2022 Digital Design Prize: George Guida’s “Multimodal Architecture: Applications of Language in a Machine Learning Aided Design Process”

Exploded axonometric.

by George Guida (MArch II ’22) — Recipient of the Digital Design Prize.

This thesis project explores how artificial intelligence can be used as a creative medium to reframe the practice of design itself. The project probes the imbricated ways in which machines read and transform words and images and how human designers might leverage such techniques to multiply imaginative possibilities.

Throughout architectural history, different tools of design have affected the culture of architectural production. While drawings and visual imagery often act as a primary form of contemporary representation, architecture cannot be reduced to a single mode. The cyclical tension between the conceptual and material relies on a multimodal process originating from semantics. Whether built form or text, both can be seen as a form of material architecture that relies on a necessary descriptive and conceptual dimension. This thesis revisits the relationship between language and architecture and how this often-secondary medium of design will play an integral role within design practices in the coming years through the use of machine-learning algorithms.

Working process diagram.

Emergent multimodal neural networks are now capable of learning visual concepts from natural language supervision. Common language can therefore be used to generate unseen digital images, forms, and content, representing a historical moment of convergence between image and text processing. This brings forward a fundamental shift in how language and its articulation can be used within the creative process. For most of the 20th century, architects have been in denial that language has had any significance. There was this enormous emphasis on building and drawing being the only medium of the architect, with architects such as Mies famously saying: “Build, don’t talk.” (Forty, 2004) Tschumi, however, describes how there is an abstraction, and conceptual dimension to architecture that is inevitably part of architecture and that, not surprisingly, can be mastered more precisely through the conceptual meanings of words. (Tschumi, 1993) By distinguishing between different forms of writing – the writing about architecture as the semiotic signifier and the writing of architecture as the signified, a new design methodology can be established. While writing about architecture is most common, where text is typically descriptive, these in themselves are not architecture alone. What is interesting is to consider the writing of architecture as architecture in itself. “In other words, they propose forms of architectural strategies or concepts literally in the form of a substitute.” (Tschumi, 1993) Within architecture, this is a process that typically originates from the design brief, upon which a concept of linguistic idea can emerge. This creative process, therefore, begins only, as Koolhaas describes, when “a concept, ambition or theme that is put into words, and only at that moment that it is put in words can we begin to proceed, to think about architecture: the words unleash the design.” (Koolhaas, 1993)

 

With the recent developments of machine learning, in particular text-to-image and generative 3D models, this thesis critically repositions language as a central mode of representation and apprehension of architecture.
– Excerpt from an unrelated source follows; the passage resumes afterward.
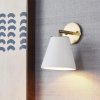 This piece may not be grand in size, but it is grand in impact. Featuring an antique brass finish on its iron structure and a bright off-white shade, its palette brings an air of glamor to the home. Arranged within a kitchen, or living room space, the sconce is just as stylish when set on its own as it is when several are arranged around the room. Product Details:

Through the creation of a cyclical design methodology originating from the brief, architects and ‘the machine’ are in constant dialogue within a new collaborative and multimodal process. Ultimately, these new human-machine interactions augment rather than limit the agency and creativity of the architect.

References

Forty, A. (2004). Words and Buildings: A Vocabulary of Modern Architecture. Thames & Hudson.

Tschumi, B. (1993). Modes of inscription. ANY: Architecture New York, pp.50–53.

Koolhaas, R. (1993). Why I Wrote Delirious New York and Other Textual Strategies. ANY: Architecture New York, pp. 42-43.